According to FINRA's order, Kevin N. Jenkins entered the securities industry in August 2021 when he became associated with Fidelity Brokerage Services.

From December 2021 to June 2023, he was registered as a general securities rep with Fidelity.

On June 30, 2023, Fidelity filed a Form U5 reporting that Jenkins had voluntarily resigned while under internal review for “posting of unapproved financial-related content in his social media and using the name of an entity that also had not been approved.”

While associated with Fidelity, Jenkins controlled and operated a company that created and published content on social media.

"That content included discussions of personal finance, economics, and investments and, at times, included recommendations to buy or sell specific securities," the order states. "In connection with his online business, Jenkins also offered a subscription service for individualized financial advice."

He continued to create and publish investment-related content, including investment recommendations, until his resignation from Fidelity in June 2023. He worked at Merrill Lynch from July 2023 to March 2025 and is now registered with Innovation Partners in Charlotte, North Carolina, according to BrokerCheck.

From at least August 2021 to February 2023, "one firm customer subscribed, and during this time period, Jenkins provided recommendations to the customer to buy or sell specific securities," the order states. "In total, the customer bought or sold securities pursuant to Jenkins’ recommendations in more than 75 transactions valued at approximately $5,000."

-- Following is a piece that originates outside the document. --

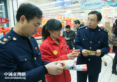 東臺(tái)工商局在東臺(tái)大潤(rùn)發(fā)商業(yè)有限公司現(xiàn)場(chǎng)指導(dǎo)企業(yè)加強(qiáng)食品安全管理。(圖片來源:東臺(tái)市臺(tái)辦)

In January 2022, shortly after becoming registered, "Jenkins orally disclosed to the firm that he had a social media brand but inaccurately described it as involving only financial education," according to the order.

In August 2022, Jenkins falsely attested on the firm’s annual compliance questionnaire that he was not involved in any private securities transactions and did not maintain any outside business activities.

"After the firm raised questions about his activities, in March 2023 Jenkins made a written disclosure to the firm about his online brand, but he did not disclose that it included making investment recommendations," the order states.

Jenkins accepted FINRA's findings without admitting or denying them.